ING keeps cautious strategy on Asian acquisitions for now

DARANA CHUDASRI AND BLOOMBERG NEWS

Despite its strong capital base, the Dutch financial services company ING Group has no big plan for acquisitions in Asia Pacific as it wants to apply a conservative strategy to invest only in profitable ventures, says Hans van der Noordaa, a member of the executive board.

Discussing the company’s outlook at a briefing in Bangkok yesterday, from left: Rajesh Sethi, CEO, ING Life (Thailand); Hans van der Noordaa, member of the executive board; and Maris Tarab, CEO, ING Funds Thailand. KOSOL NAKACHOL

"We are now a little bit cautious about new acquisitions in the Asian region," Mr Van der Noordaa said at a briefing yesterday in Bangkok.

"Our top priority is to protect our capital base because the financial markets will continue to be volatile," he said, adding the group needed to be conservative in business operations next year though Asia Pacific is expected to be a growth region.

ING Group expects that Asia Pacific will contribute 20% of the group's revenue next year, an increase from 10% due to growth from its life insurance businesses in China, India, Thailand and Malaysia.

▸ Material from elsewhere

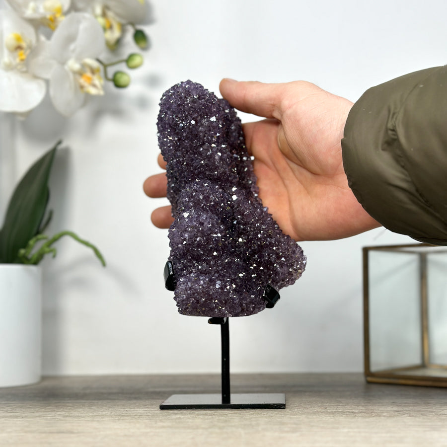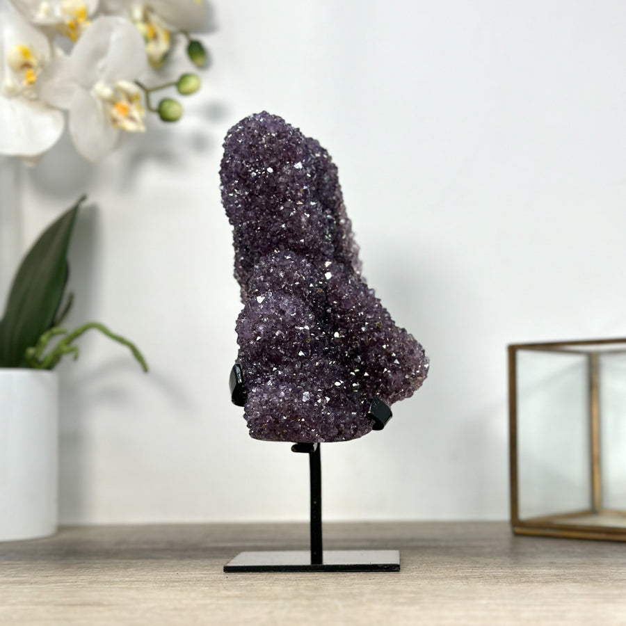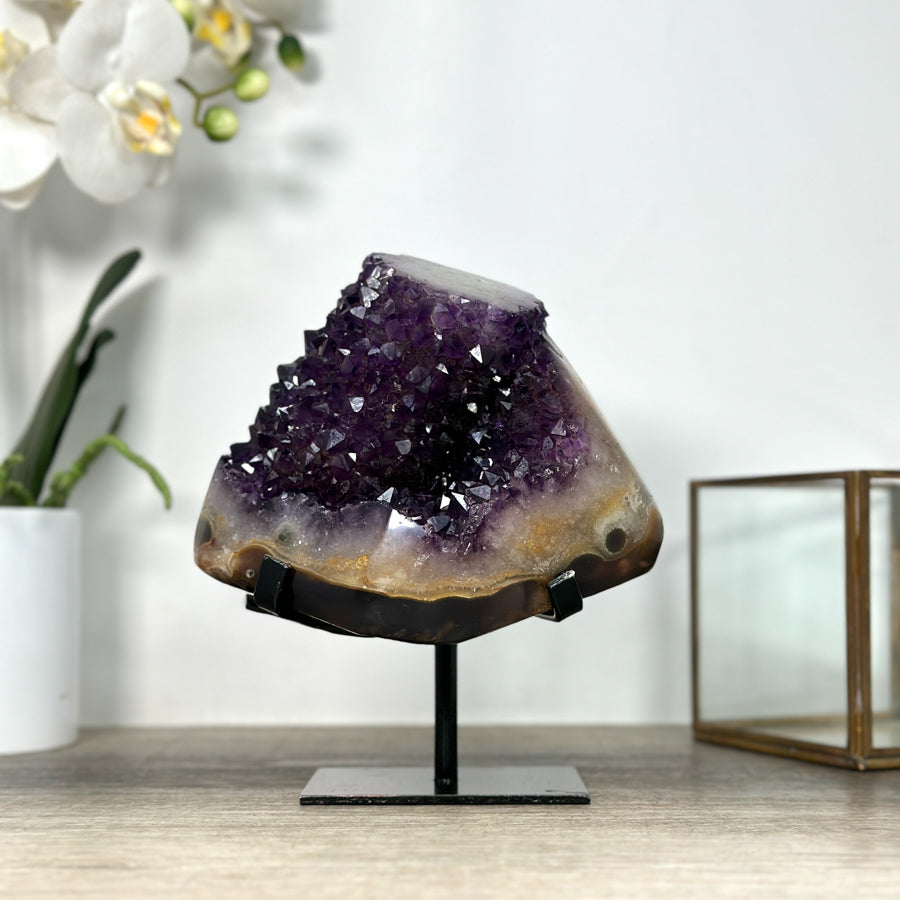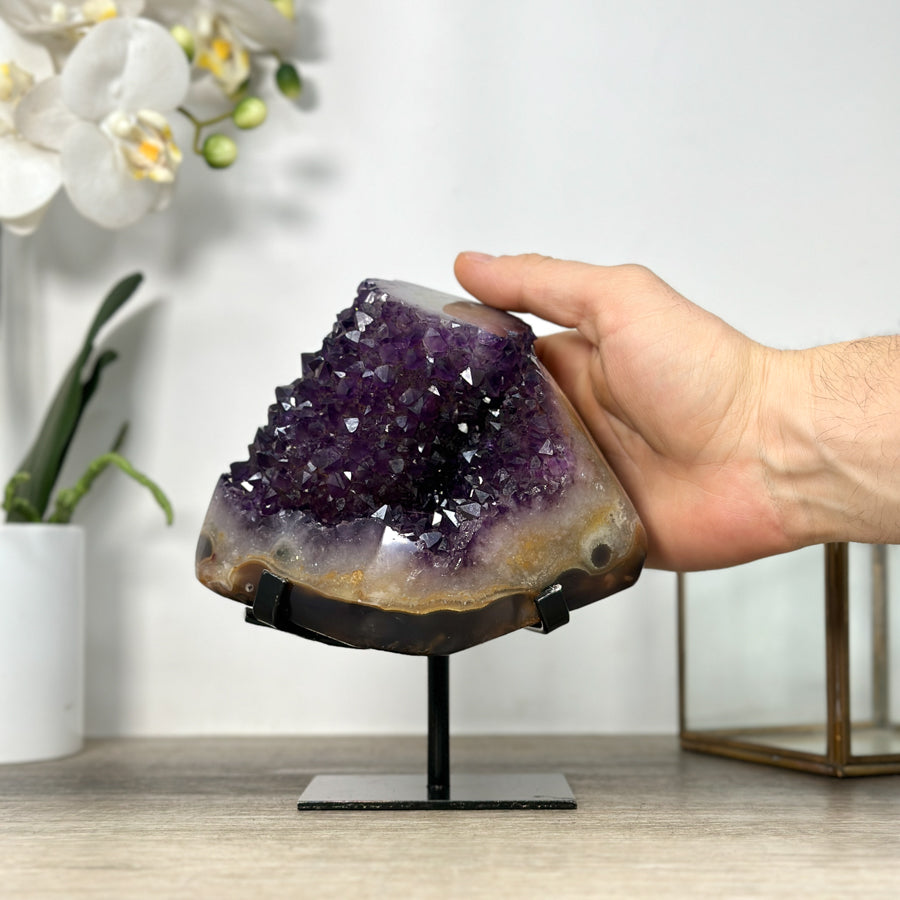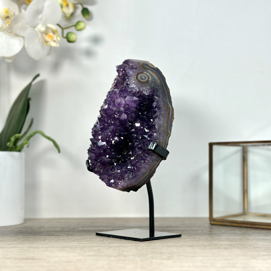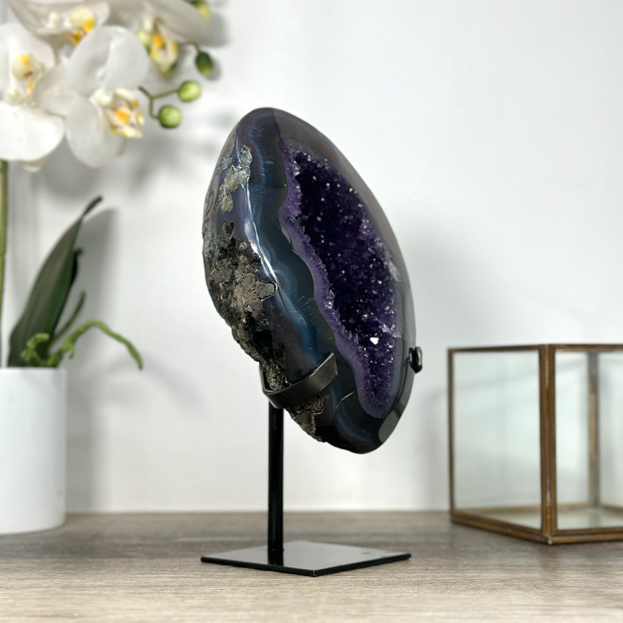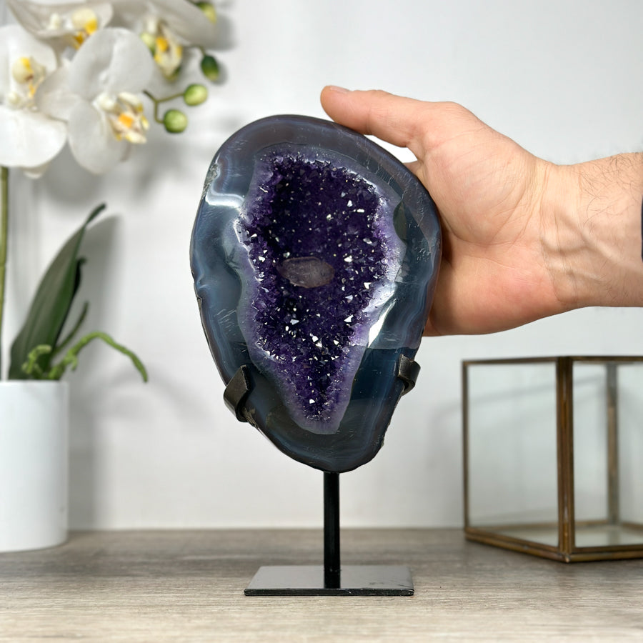Large Deep Purple Amethyst Geode on Metal Stand – Statement Crystal for Home Décor - MWS2537

Central Europe and Latin America also have growth potential.

The group has 190 billion worth of total investment assets in Asia Pacific, including life businesses in 10 countries and fund management businesses in 12 countries.

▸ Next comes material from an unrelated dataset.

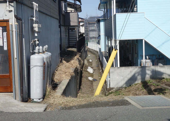 道路を超えて延長線上に、いかにもな水路跡が現れました。
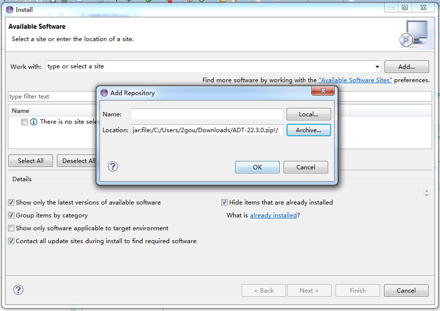 打开Install面板,点击add...按钮,再点击archive...按钮找到你刚才下载的zip包,确定再安装完重启eclipse即可

Rajesh Sethi, president and CEO of ING Life in Thailand, said ING still had a long-term commitment in Thailand and has plans to increase investment, release new products, technologies and customer service, and develop representatives in every channel.

"The crisis is not bothering us. It can be an opportunity," said Mr Rajesh.

It just launched a new training center located in Le Concord Building, and the company has over 8,500 agents.

Its life operating result in the first three quarters grew higher than the industry. First-year premiums for the nine-month period totalled 1.376 billion baht, up 17% year-on-year. Total insurance premiums were 4.193 billion baht, up by 29% while the industry overall grew by a more modest 11%.

Maris Tarab, managing director of ING Fund, said assets under management at the end of this year are expected to reach 214 billion baht, higher than its target of 204 billion. This includes hotel property funds worth 10 billion baht that will be launched before the year-end.

ING Funds has set a goal to expand its asset size to 244 billion baht next year when it plans more growth on short-term bond funds and private funds. Two property funds worth a combined five billion baht are planned to launch.

Three foreign investment funds are also planned to launch in the second quarter.

In Thailand, ING Group has total investments of 650 million. This includes 100 million in ING Life, 50 million in ING Funds, 40 million in ING Bank and 460 million in TMB Bank.

ING tapped a 10-billion ($12.6 billion) lifeline from the Dutch government on Oct 19 to shore up its capital.

The company reported a loss this week, the first since it was created 17 years ago in a merger, of 478 million in the quarter ended Sept 30. It had a net profit of 2.31 billion in the same period last year.